Riportiamo dal FOGLIO di oggi, 08/08/2012, a pag. 3, l'articolo di Giulio Meotti dal titolo "Così l’Iran ha usato i talks per lavorare alla bomba atomica".


Giulio Meotti


Roma. “La finestra che si è aperta vent’anni fa è quasi chiusa”, ha scritto ieri sul Wall Street Journal l’ambasciatore israeliano a Washington, Michael Oren. La finestra a cui si riferisce Oren è quella utile a fermare il programma atomico iraniano.

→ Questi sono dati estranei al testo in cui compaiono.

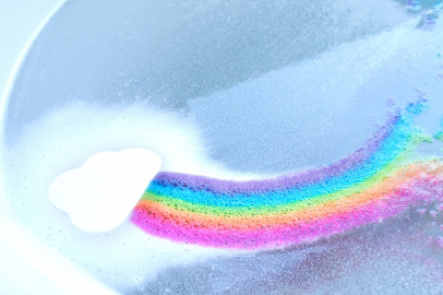 そっとお湯に浮かべるとしゅわしゅわと溶け出し、バスタブはカラフルな虹でいっぱいになります。
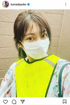熊田曜子 黄色いベスト姿にファン衝撃「隠しきれないオーラ」「横断できない」「誘導されたい」の声
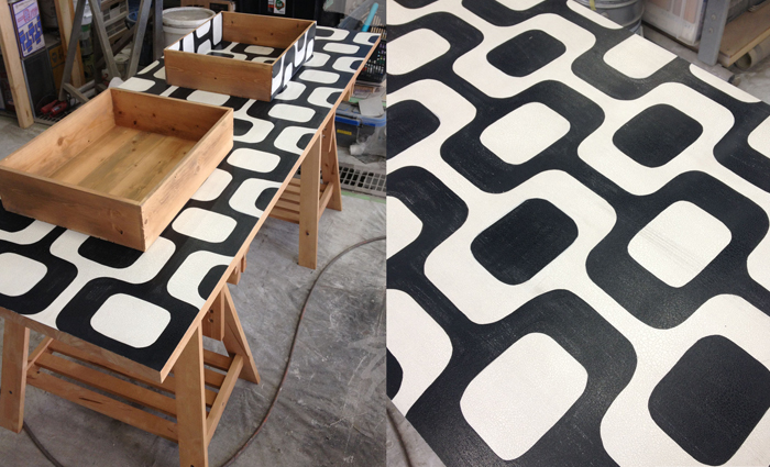 セルベーラ 什器天板面クラッキング塗装 商社の展示スペースに納品
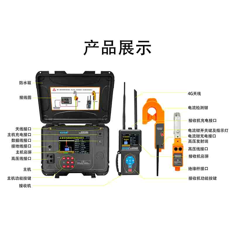 ETCR1400C架空線路接地故障巡查儀,由主機、電流檢測鉗、高壓發(fā)射端、接收機、測試線、接地針、絕緣桿及附件組成。主機與接收器之間為4G/LORA雙模通信,控制高壓信號輸出,同時將測試結果發(fā)出到主機。電流鉗與接收器之間為LORA通信,將電流鉗檢測到的信號發(fā)送到接收器。主機采用7寸彩屏,故障指向清晰明了,測試結果一目了然,接收機具有語音播報功能,測試結果、線路故障方向,使得現(xiàn)場操作更加輕松。電流檢測鉗及高壓發(fā)射端結構緊湊,體積小,重量輕,掛裝方便,一次掛裝即可完成線路故障查找,操作簡易快速,極大減輕了測試的工作強度,提高工作效率。
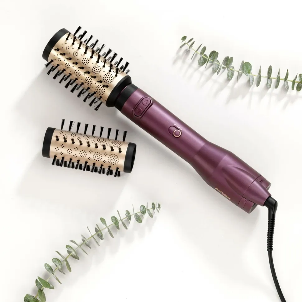 Varmluftbørsten har to udskiftelige børstehoveder i forskellige størrelser, som passer til alle hårlængder.

E la maggiore accelerazione verso la costruzione dell’ordigno nucleare Teheran l’ha compiuta proprio nei mesi intercorsi dall’inizio dei talks con il 5+1 la scorsa primavera. Debka e Haaretz, fonti di informazione molto diverse fra di loro (la prima è la pubblicazione israeliana vicina all’intelligence e non sempre attendibile, il secondo è il giornale che più fa opposizione al possibile strike israeliano contro l’Iran), hanno scritto ieri che gli iraniani sarebbero passati all’arricchimento dell’uranio a livelli vicini a quelli militari, oltre il sessanta per cento secondo Debka. “Le sei potenze sono comprensibilmente riluttanti ad ammettere che nel tempo dei negoziati, l’Iran è stato in grado di raffinare uranio sopra al trenta per cento e anche di più, preparandosi all’arricchimento al sessantacinque per cento”, si legge nel rapporto di Debka. “Ora gli iraniani sono avviati al livello di 80-90 per cento”. E’ il livello di militarizzazione del ciclo atomico (per usare l’energia atomica a fini “civili” è sufficiente un arricchimento al tre per cento).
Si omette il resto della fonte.